Видимо, это самое «не случиться» произошло и в моем браке, точнее, в браке той, в чьем теле я теперь находилась.
После последних слов Палаши мне стало совсем грустно. Какая-то безысходность и безрадостность захватили меня. Муж не любил, и я его тоже.
Вдруг заплакала малышка. Я обратила на нее взор и подумала о том, что теперь у меня есть нечто более ценное, чем муж и его любовь. Моя малышка. И если моему супругу ни я, ни мой ребенок не нужны, пусть так и будет. Я постараюсь выжить и без него и вырастить дочь сама. Не такое видали. Главное, что моя дочь здорова, а я молода и полна сил. И все у меня получится!
Наверное, сейчас надо было добраться как можно быстрее до моей троюродной тетки.

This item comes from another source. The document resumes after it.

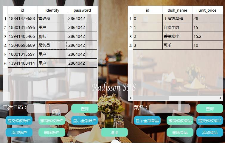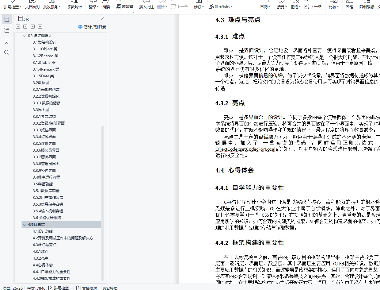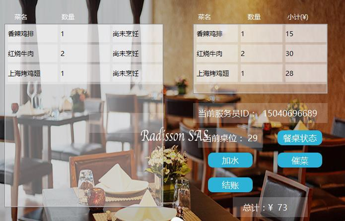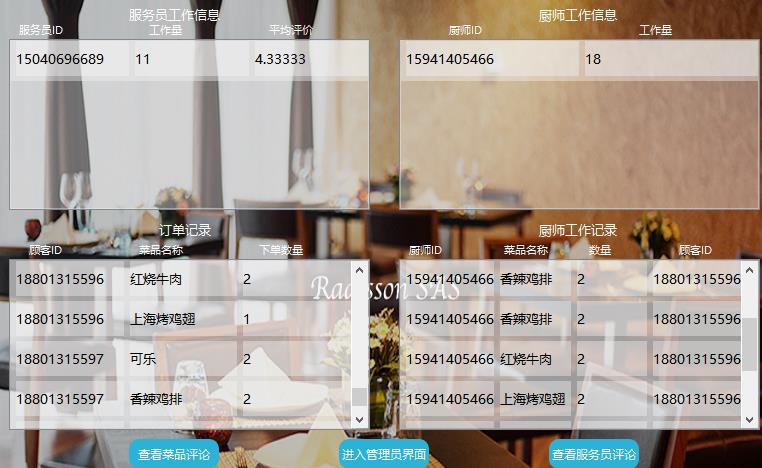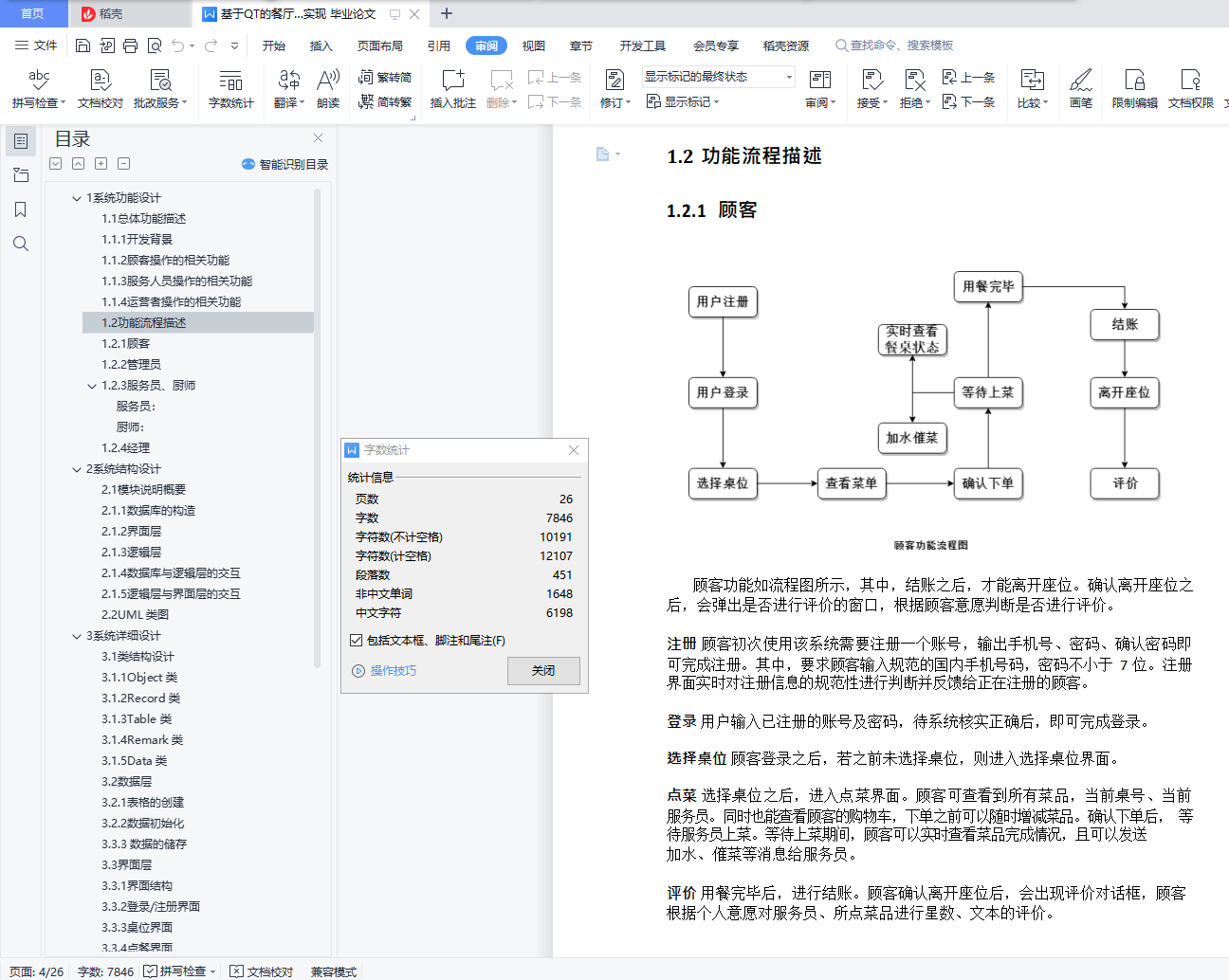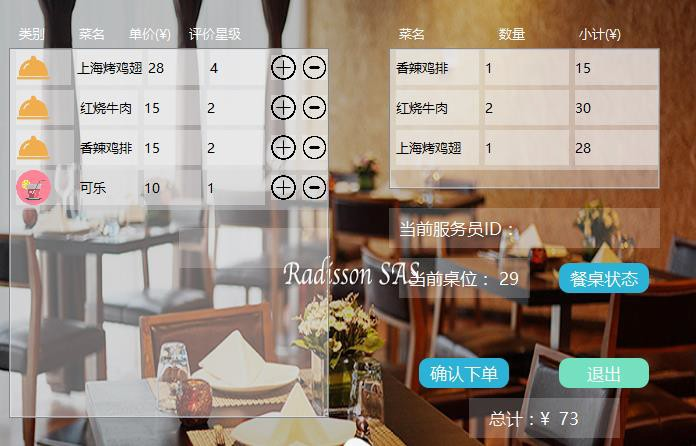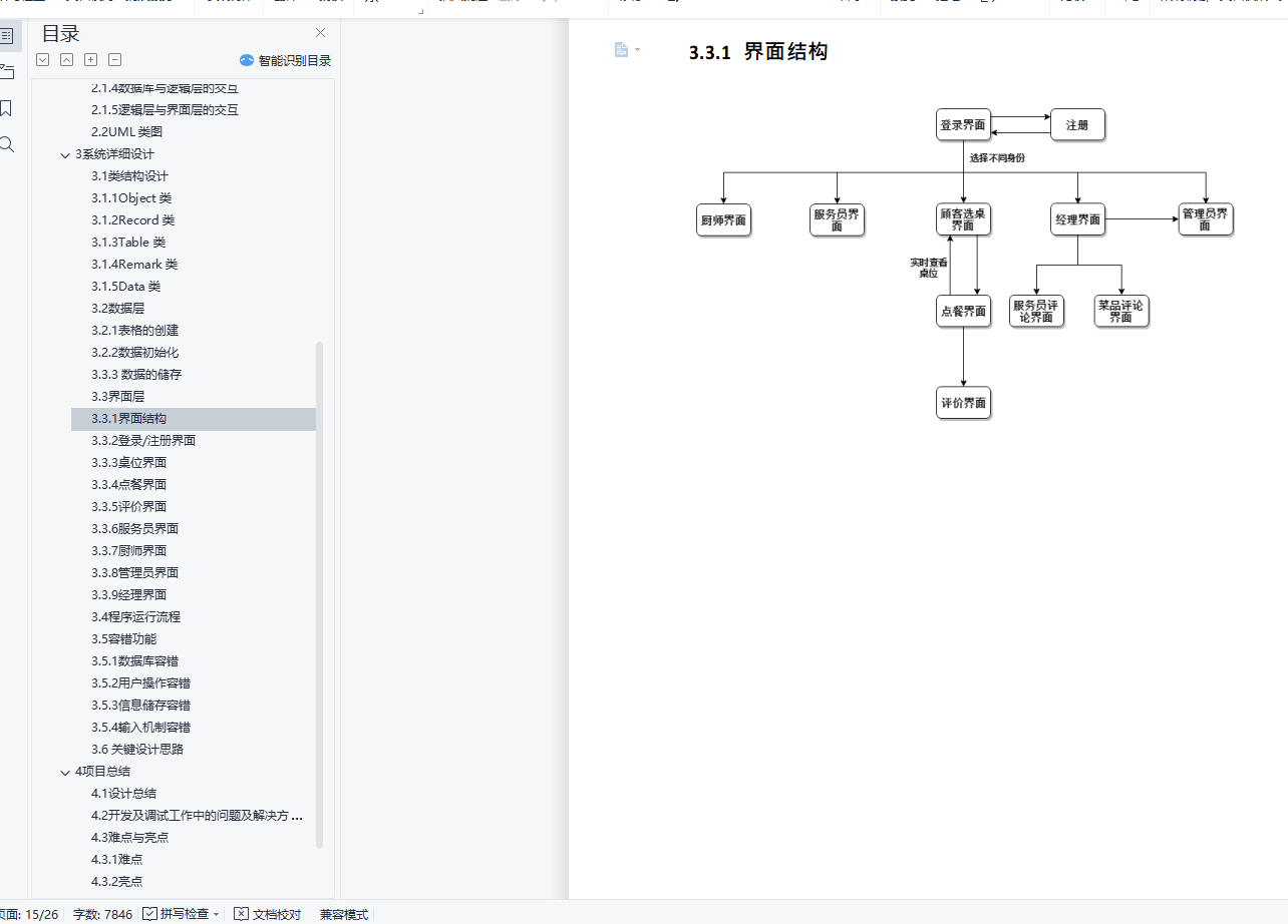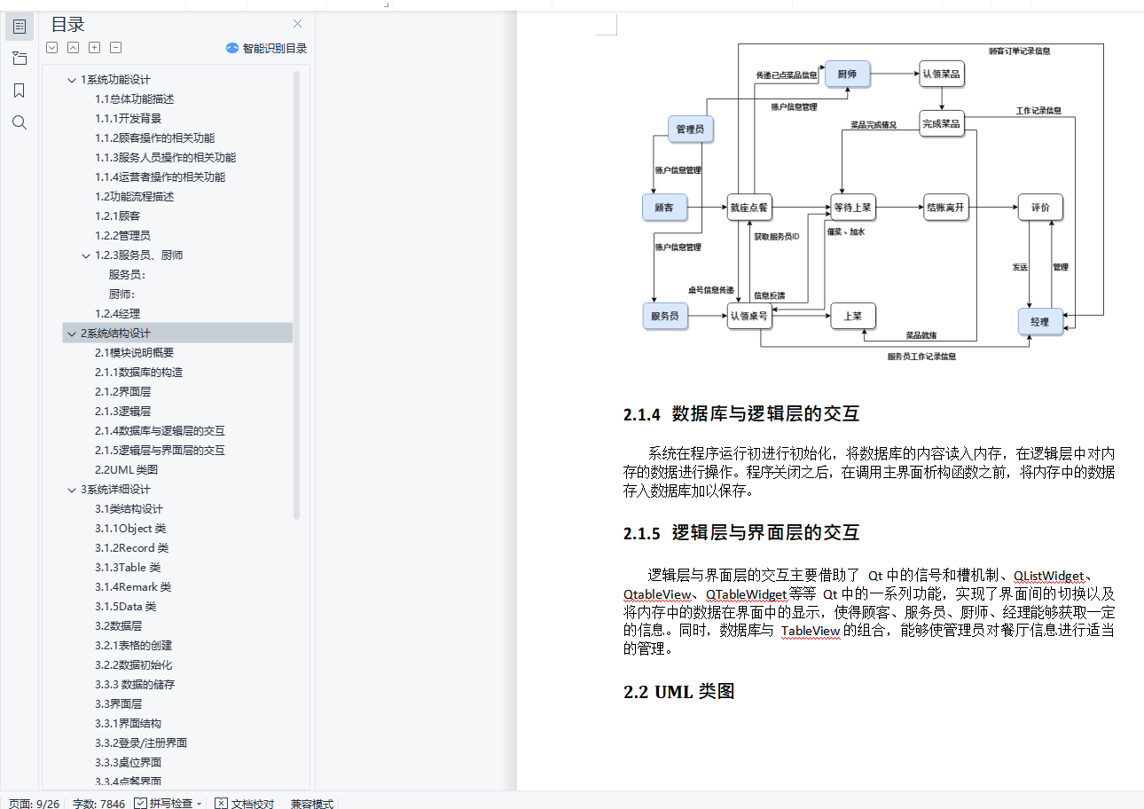 目 录1系统功能设计 41.1总体功能描述 41.1.1开发背景 41.1.2顾客操作的相关功能 41.1.3服务人员操作的相关功能 41.1.4运营者操作的相关功能 41.2功能流程描述 51.2.1顾客 51.2.2管理员 61.2.3服务员、厨师 71.2.4经理 82系统结构设计 82.1模块说明概要 82.1.1数据库的构造 82.1.2界面层 92.1.3逻辑层 92.1.4数据库与逻辑层的交互 102.1.5逻辑层与界面层的交互 102.2UML 类图 103系统详细设计 133.1类结构设计 133.1.1Object 类 133.1.2Record 类 143.1.3Table 类 143.1.4Remark 类 143.1.5Data 类 143.2数据层 143.2.1表格的创建 143.2.2数据初始化 153.3.3 数据的储存 153.3界面层 163.3.1界面结构 163.3.2登录/注册界面 173.3.3桌位界面 183.3.4点餐界面 203.3.5评价界面 213.3.6服务员界面 223.3.7厨师界面 223.3.8管理员界面 233.3.9经理界面 243.4程序运行流程 253.5容错功能 253.5.1数据库容错 253.5.2用户操作容错 253.5.3信息储存容错 253.5.4输入机制容错 253.6关键设计思路 264项目总结 264.1设计总结 264.2开发及调试工作中的问题及解决方法 264.3难点与亮点 274.3.1 难点 274.3.2 亮点 274.4心得体会 274.4.1自学能力的重要性 274.4.2框架构建的重要性 275相关问题的说明 281系统功能设计1.1总体功能描述1.1.1开发背景随着信息时代的飞速发展,人们的生活水平不断提高,餐饮业的消费持续增长。传统的单纯靠人工管理日常运作、人工记录顾客的点菜、人工通知厨师所需做的菜品、人工结账等等的以人工为主导的方式早已无法满足新时代的需求。所以,一套基于互联网的高效的餐厅服务与管理系统应时而生。如此不但能提高工作效率,也避免了传统方式会产生的不必要的麻烦,同时也方便了管理者对餐厅的运营。1.1.2顾客操作的相关功能用户若以顾客身份登录,如果有账号密码,可直接输入登录,或注册之后再进行登录。登录成功后,会进入到座位选择界面,选择座位结束后,进入到点餐界面。顾客可以浏览菜品的名称、单价、平均评价星数(5 星满)。点餐结束后, 待服务员、厨师认领。认领成功后,顾客可发送催菜、加水等消息于服务员。用餐完毕后进行结账并离开桌位。确认离开座位后,顾客可以选择性对服务员和已点的菜品进行评价。

А потом и решить, что делать дальше.
Глава 7
Проснулась я от хныканья малышки, которая лежала у меня под боком. Взглянула в окно, уже смеркалось. Снова был вечер.
Я прислушалась к себе. Слава Богу, болей не было, а я довольно хорошо отдохнула, пока спала вместе с дочкой пару часов.
Спустив просторную рубашку с плеча, я обнажила упругую грудь. Склонилась над девочкой и приложила дитя к соску. Она жадно зачмокала, а я, довольная, улыбнулась.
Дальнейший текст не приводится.